» Records for the exercise
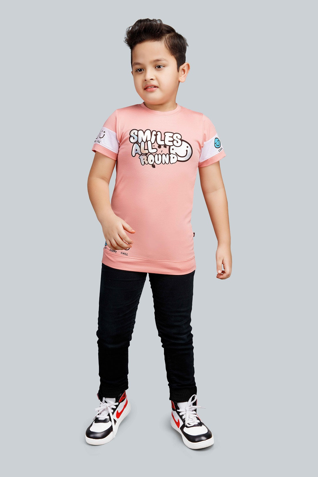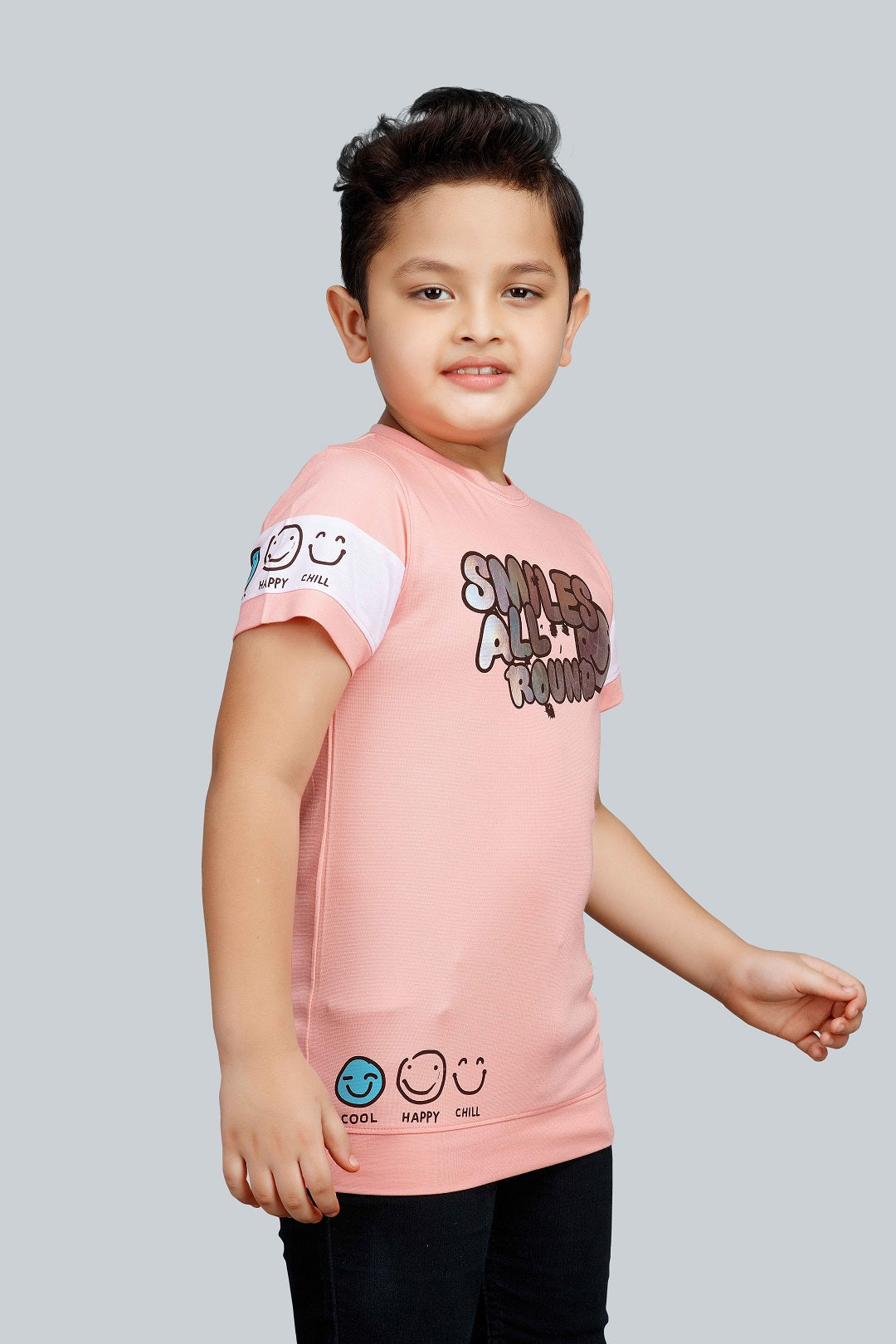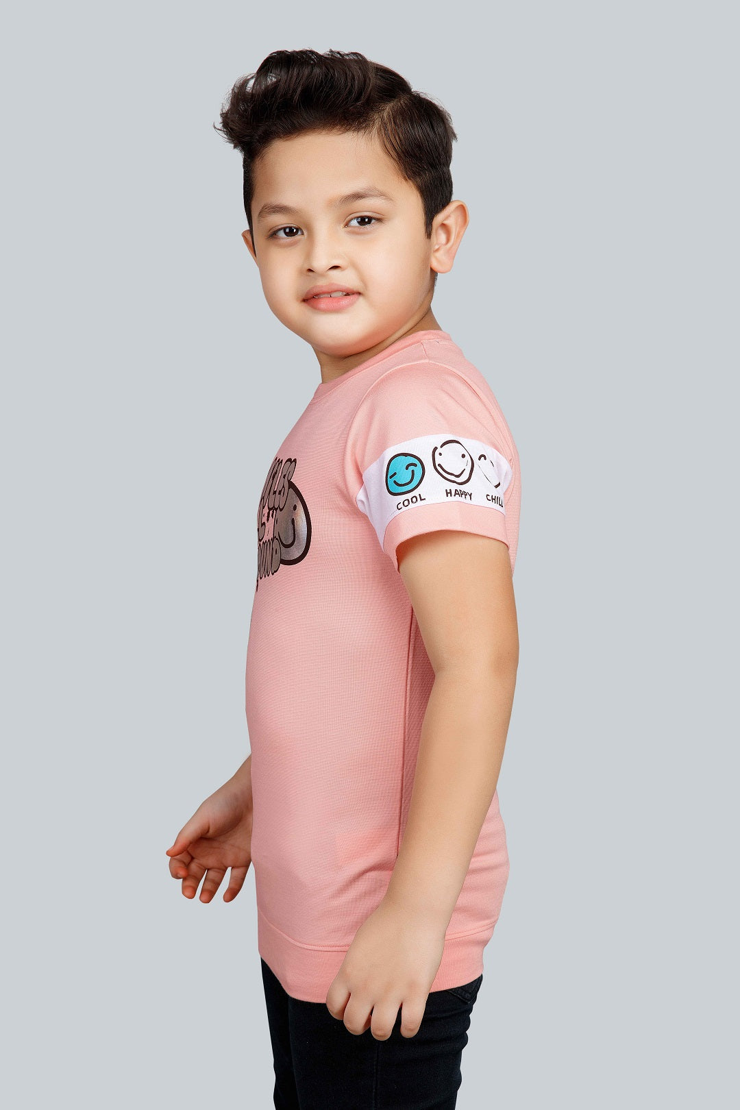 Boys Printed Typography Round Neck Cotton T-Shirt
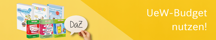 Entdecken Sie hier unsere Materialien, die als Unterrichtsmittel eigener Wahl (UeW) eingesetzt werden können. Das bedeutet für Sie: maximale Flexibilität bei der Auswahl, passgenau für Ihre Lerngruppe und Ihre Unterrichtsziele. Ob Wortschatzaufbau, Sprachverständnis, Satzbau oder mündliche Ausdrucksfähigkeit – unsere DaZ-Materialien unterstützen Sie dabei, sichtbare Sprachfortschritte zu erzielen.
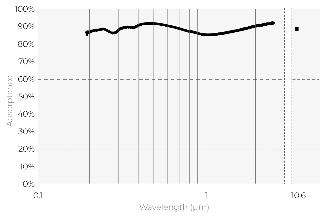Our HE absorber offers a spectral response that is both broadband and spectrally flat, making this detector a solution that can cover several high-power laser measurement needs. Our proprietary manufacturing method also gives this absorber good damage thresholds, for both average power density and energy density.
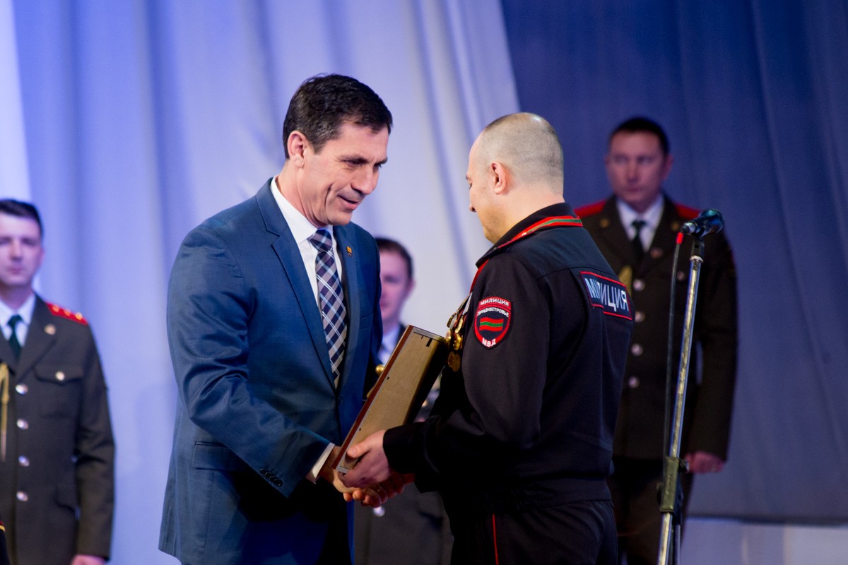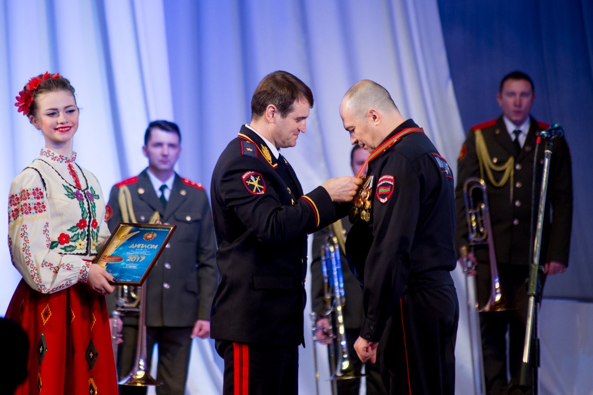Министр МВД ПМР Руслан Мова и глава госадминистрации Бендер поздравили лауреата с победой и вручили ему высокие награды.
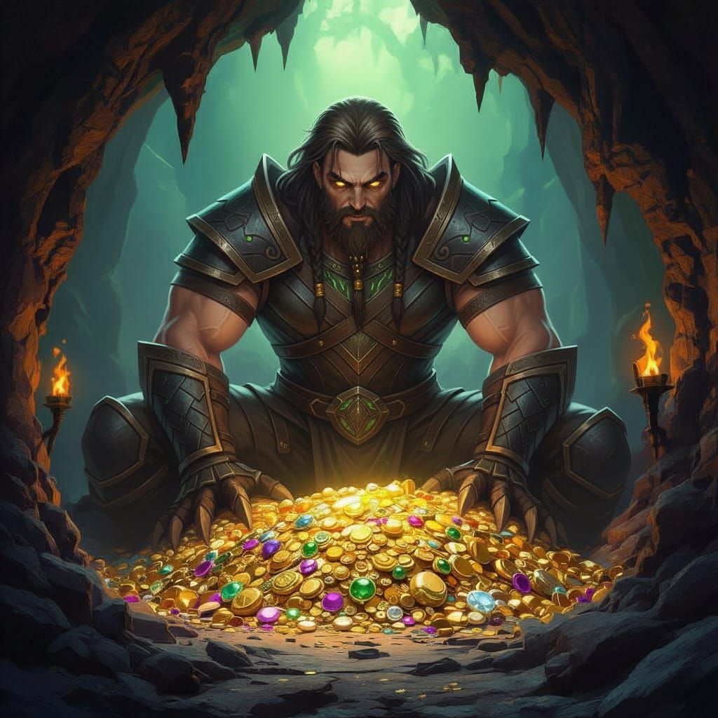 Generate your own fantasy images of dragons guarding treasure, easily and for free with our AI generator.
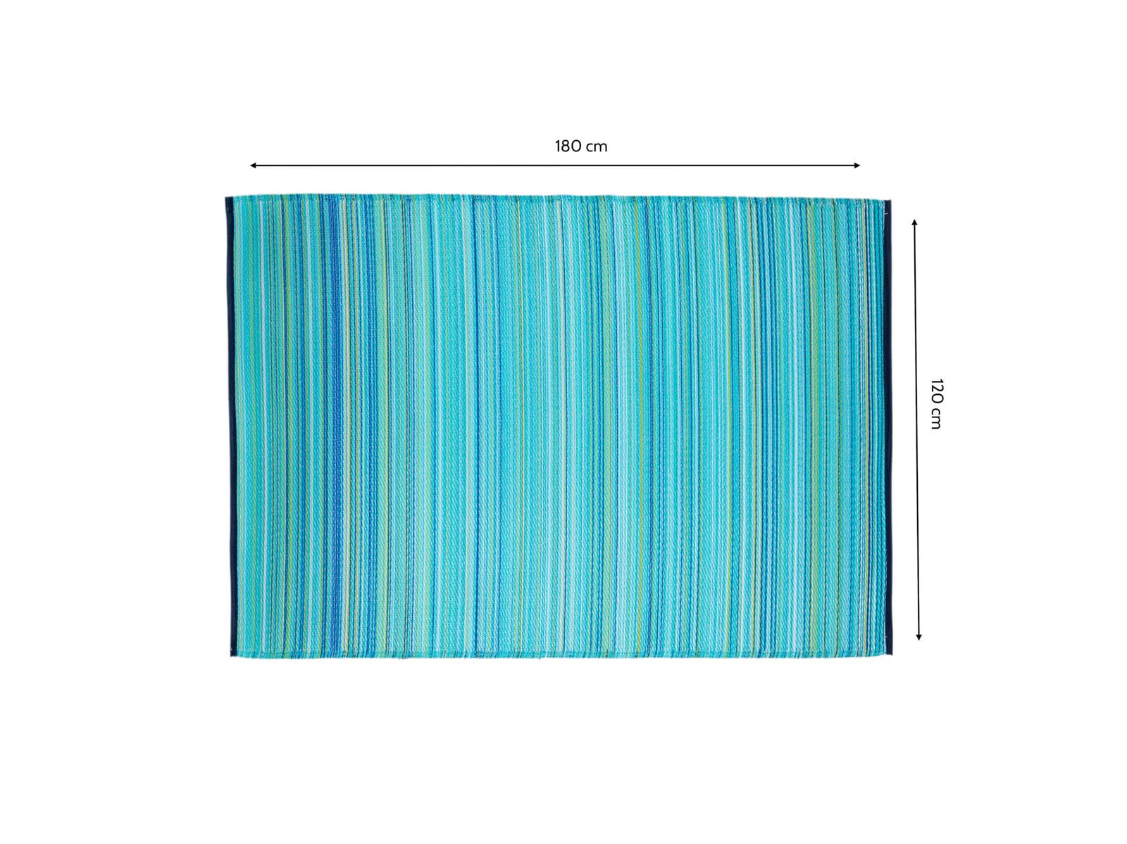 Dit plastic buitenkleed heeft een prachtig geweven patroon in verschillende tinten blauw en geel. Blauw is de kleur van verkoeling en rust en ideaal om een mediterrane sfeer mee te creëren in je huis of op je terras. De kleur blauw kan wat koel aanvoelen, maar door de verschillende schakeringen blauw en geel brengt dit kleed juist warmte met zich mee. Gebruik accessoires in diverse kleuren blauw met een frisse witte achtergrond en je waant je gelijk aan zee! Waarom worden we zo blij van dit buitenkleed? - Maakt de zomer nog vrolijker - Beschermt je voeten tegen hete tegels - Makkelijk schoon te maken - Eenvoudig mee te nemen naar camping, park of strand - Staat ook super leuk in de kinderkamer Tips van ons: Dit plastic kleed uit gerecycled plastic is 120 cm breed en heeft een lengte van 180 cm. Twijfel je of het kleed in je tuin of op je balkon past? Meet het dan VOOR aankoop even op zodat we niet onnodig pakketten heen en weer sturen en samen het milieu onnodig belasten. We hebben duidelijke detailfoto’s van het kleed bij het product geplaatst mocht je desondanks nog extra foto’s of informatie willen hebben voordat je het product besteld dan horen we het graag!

» Problem to work on
An exact copy is needed of the entries above, starting at the line that holds "Our HE absorber" and stopping at the line that holds "Generate your own", both kept; pictures stay out.

» Problem solution
Our HE absorber offers a spectral response that is both broadband and spectrally flat, making this detector a solution that can cover several high-power laser measurement needs. Our proprietary manufacturing method also gives this absorber good damage thresholds, for both average power density and energy density.
Министр МВД ПМР Руслан Мова и глава госадминистрации Бендер поздравили лауреата с победой и вручили ему высокие награды.
 Generate your own fantasy images of dragons guarding treasure, easily and for free with our AI generator.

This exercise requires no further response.